OM: decision to carefully shadow lawyer Meijering

In a new hearing in the Marengo trial against the criminal organisation of Ridouan Taghi, the Public Prosecution Service defended itself against the accusations made by the lawyers last week. The lawyers spoke of a “declaration of war by the OM” and want the judges to investigate the actions of the OM.

Among other things, the lawyers were angry about an official report in a related judicial investigation that was attached to the case. In it, Crown witness Nabil B. suggests that a number of lawyers leaked confidential information to criminals.

According to the Public Prosecutor’s Office, that piece was intended to demonstrate that the key witness was a confidant of the organization and that the main suspect was Ridouan Taghi, the leader of that group. “It is not for us to judge the actions of the lawyers,” the prosecution said. “That’s up to the dean of the Bar Association.” The Dean of the Amsterdam Bar Association has begun an investigation into the lawyers.

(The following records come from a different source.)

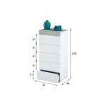Con cinco amplios cajones, el sinfonier Tekkan te ofrece un espacio donde poder organizar y guardar tus prendas, accesorios y objetos personales. Su diseño en color blanco Artik combinado con cemento le confiere un aspecto moderno y sofisticado que se integra perfectamente en cualquier decoración.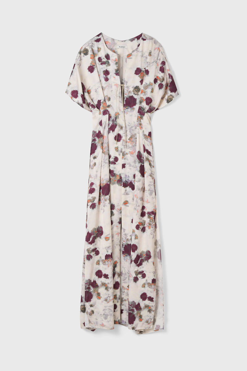 Illustrated with our seasonal Rosie print, the Kimberly dress is made from viscose crêpe de chine with a beautiful handle. Shaped to a relaxed fit, it fastens with an adjustable tie at the front, and is detailed with pleats at the waist. A slit at the front allows you to showcase the new-season Lyla boots.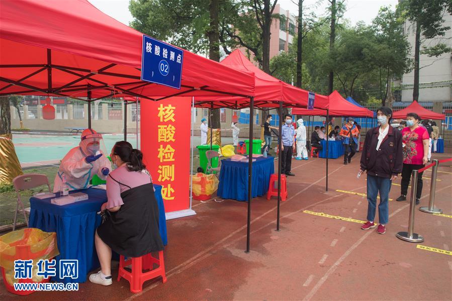5月15日,在武漢東西湖區(qū)吳家山第一小學操場檢測點,工作人員對市民進行核酸檢測。近日,武漢將對全市市民有序開展核酸檢測,進一步摸清無癥狀感染者底數,進而有效管控。新華社記者肖藝九攝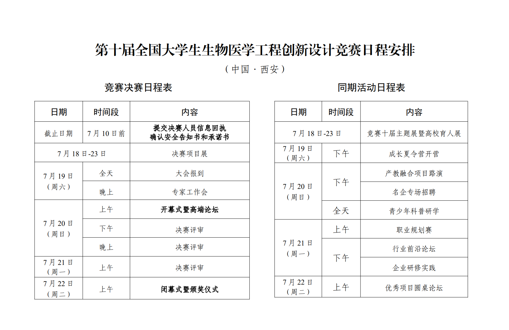 第十届全国大学生生物医学工程创新设计竞赛日程安排
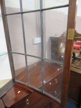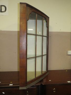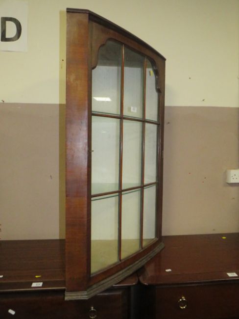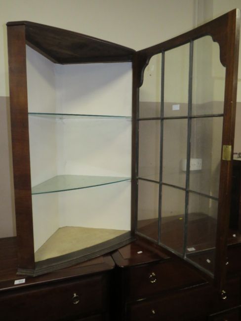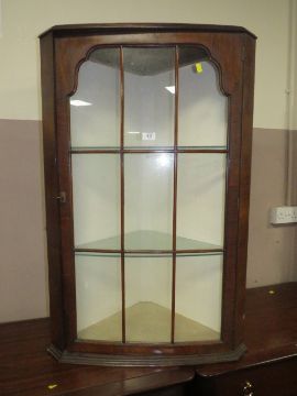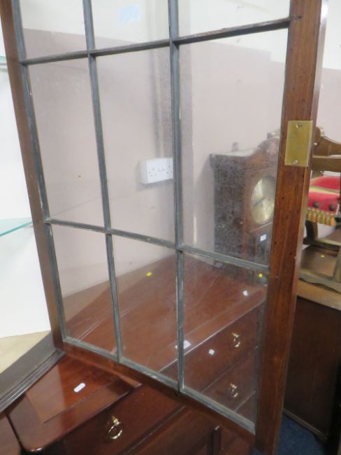 AN ANTIQUE WALNUT GLAZED HANGING CORNER CABINET H-100 CM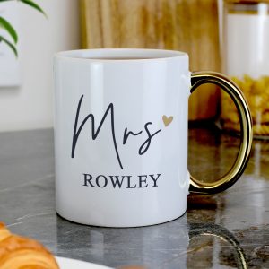Perfect for weddings and teacher gifts alike, this personalised Mrs gold handled mug combines timeless style with a thoughtful personal touch.

In reports about these new documents in the media, the lawyers were labelled ‘messenger boy’ and ‘passersby’. The Public Prosecutor’s Office distances itself from this and denies that it has leaked the report in question to the media. In the opinion of the Public Prosecution Service, the heavy accusations made by the lawyers at the previous hearing were therefore unjustified.


The lawyers had also complained that lawyer Meijering was followed by the police during a trip to Dubai. “To quote Rutte, you stay away from lawyers with your paws. That also applies to the Public Prosecutor”, he said last week. “Lawyers must be free to do their job.”

The Public Prosecutor says the lawyer’s shadowing was justified. “Observation of lawyers is permitted. Strict rules apply to eavesdropping on the content of conversations with secretaries, but these do not apply to observation. However, the commitment to attorneys at law has been weighed with the greatest possible care”

In that consideration it was of great importance that the Public Prosecution Service received a tip that the lawyer would meet Taghi. That tip turned out to be incorrect, but Taghi was the most wanted suspect in the Netherlands at the time. “While he was on the run, there were still murders being committed,” says an officer. One of those murders was that of the brother of the key witness in this case.